**PROBLEM TO SOLVE**
When a line in the entries contains the word "attacks", copy that line in full.
····················
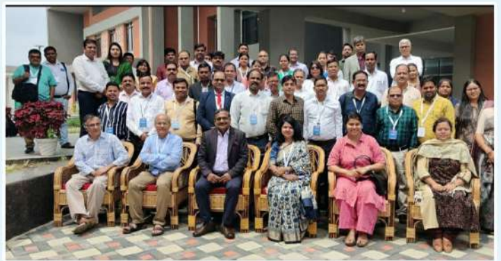
Training of All 30 Nodal Principals of OAVs at IIM, SAMBALPUR from 23/08/2023 to 26/08/2023
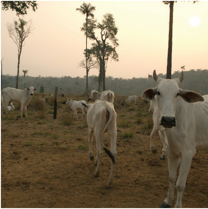
▲ Cattle on cleared land around Cristalino State Park.
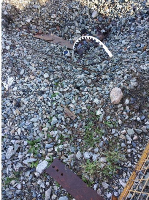
Photo 9 Nested monitoring wells (?) at northwestern Site boundary.
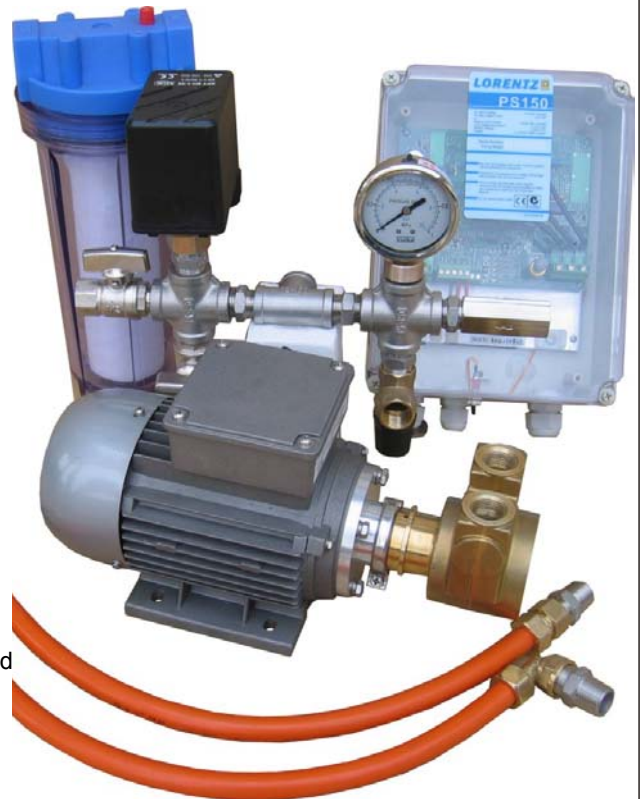
PS150-Boost with Installation Kit #2065 and Inline Filter #2075
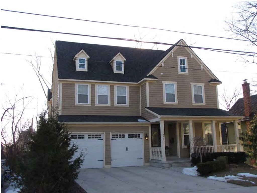
Rogers North 350_Looking East
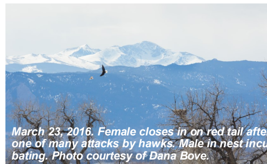
March 23, 2016. Female closes in on red tail after one of many attacks by hawks. Male in nest incubating.

While there is a wealth of experiences to share from my observation of these two eagles, I’ll focus here on the challenges this nesting pair faced from burgeoning development in this part of Weld County. While the rural landowner and adjacent farmers welcomed the new nesting pair, actual and potential disturbances seemed to arise on a regular basis: target shooting with automatic weapons near the nest tree; natural gas drilling; a planned equestrian center nearby; coyote hunting and potential lead poisoning; and a track mounted excavator working at the base of the tree during incubation. Natural disturbances included constant bombardment by a pair of red tail hawks nesting nearby. The new nest failed after 55 days of faithful incubation. The pair was last seen about a week after the failed incubation, flying east after another round of relentless attacks by the nesting red tail hawks.
····················
**YOUR SOLUTION**
March 23, 2016. Female closes in on red tail after one of many attacks by hawks. Male in nest incubating.
While there is a wealth of experiences to share from my observation of these two eagles, I’ll focus here on the challenges this nesting pair faced from burgeoning development in this part of Weld County. While the rural landowner and adjacent farmers welcomed the new nesting pair, actual and potential disturbances seemed to arise on a regular basis: target shooting with automatic weapons near the nest tree; natural gas drilling; a planned equestrian center nearby; coyote hunting and potential lead poisoning; and a track mounted excavator working at the base of the tree during incubation. Natural disturbances included constant bombardment by a pair of red tail hawks nesting nearby. The new nest failed after 55 days of faithful incubation. The pair was last seen about a week after the failed incubation, flying east after another round of relentless attacks by the nesting red tail hawks.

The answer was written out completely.